Microsoft has flipped its position on Edge keeping saved passwords decrypted in memory the moment the browser launches. After originally telling the researcher who reported it that the behavior was 'by design' and not a security issue, Microsoft now says future Edge builds will stop loading the password store into memory at startup. The fix is already live in the Canary channel and will reach Stable, Beta, Dev, and Extended Stable in build 148. The original disclosure came with a working tool that lets an administrator on a shared Windows machine dump other users' Edge passwords by reading process memory.
Microsoft has refused to issue a CVE for what an outside researcher and the CERT Coordination Center both describe as a privilege escalation in Azure Backup for Azure Kubernetes Service.
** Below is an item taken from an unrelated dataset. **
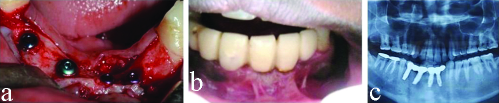 Five months following ridge augmentation, a second surgery was performed for implant placement in grafted site. Site re-entry was done following incision line of first surgery. Fixation screws were removed after assessing block stability. Four implants (Osstem Implant System; two of 11.5×3.5 mm, one each of 11.5×4.0 mm and 11.5×4.5 mm) were placed in planned positions using manufacturer specified drilling protocol [Table/Fig-3]. The planned positions of the four dental implants in the mandible were: left central incisor region, right lateral incisor region, right canine region and right first premolar region. All drills and implant measurement equipment used were of Osstem Implant System. All drillings were performed at insertion torque between 25-35N. Initially, a punch cut was made using pilot drill at 1,500 rpm to determine the fixture position. This was followed by use of 2.0 mm diameter twist drill at a speed to 1,500 rpm which was extended till the desired length of the planned implant (right central and lateral incisor, canine and first premolar regions). Achieved depth was confirmed using a depth gauge. Subsequently, larger diameter drills were used at speeds of 800 rpm to 1,200 rpm till the desired diameter was achieved. All drillings were done under copious irrigation. Orientation of two adjacent implant holes was confirmed using parallel pins before proceeding with implant insertion. Provisional prosthesis was given three months after implant placement to improve patient’s aesthetics [Table/Fig-3]. Postsurgically the patient was asked not to consume hard and hot food, not to use straw for consuming liquid, to avoid forceful spitting by creating negative suction pressure, not to evert the lip to see the surgical site in the mirror, not to poke the surgical area with tongue or any other aid such as toothpick and not to brush in the area. Patient was asked to do ice pack application in the area and switch to warm saline rinses after 24 hours.

The flaw lets a user holding only the low-privileged 'Backup Contributor' Azure role gain cluster-admin on AKS clusters, which Microsoft dismissed by saying the attacker 'already held administrator access.' CERT/CC validated the bug and tracked it as VU#284781. The researcher says Microsoft also tried to get MITRE to reject the submission as 'AI-generated content,' then quietly added new permission checks, suggesting a silent patch even as Microsoft says 'no product changes were made.'
The Pwn2Own Berlin 2026 contest wrapped up Saturday at OffensiveCon, paying out $1,298,250 for 47 unique zero-days across three days. Taiwan's DEVCORE took the Master of Pwn title with 50.5 points and $505,000 in winnings. The headline Day 3 result came from DEVCORE researcher splitline, who chained two bugs into a successful exploit of Microsoft SharePoint, earning $100,000 and 10 points. SharePoint had survived a failed Rapid7 attempt on Day 2, making this a notable late-contest catch. Day 3 also saw attempts against VMware ESXi, Windows 11, Red Hat Enterprise Linux, and OpenAI Codex. All disclosed bugs now enter ZDI's 90-day disclosure window.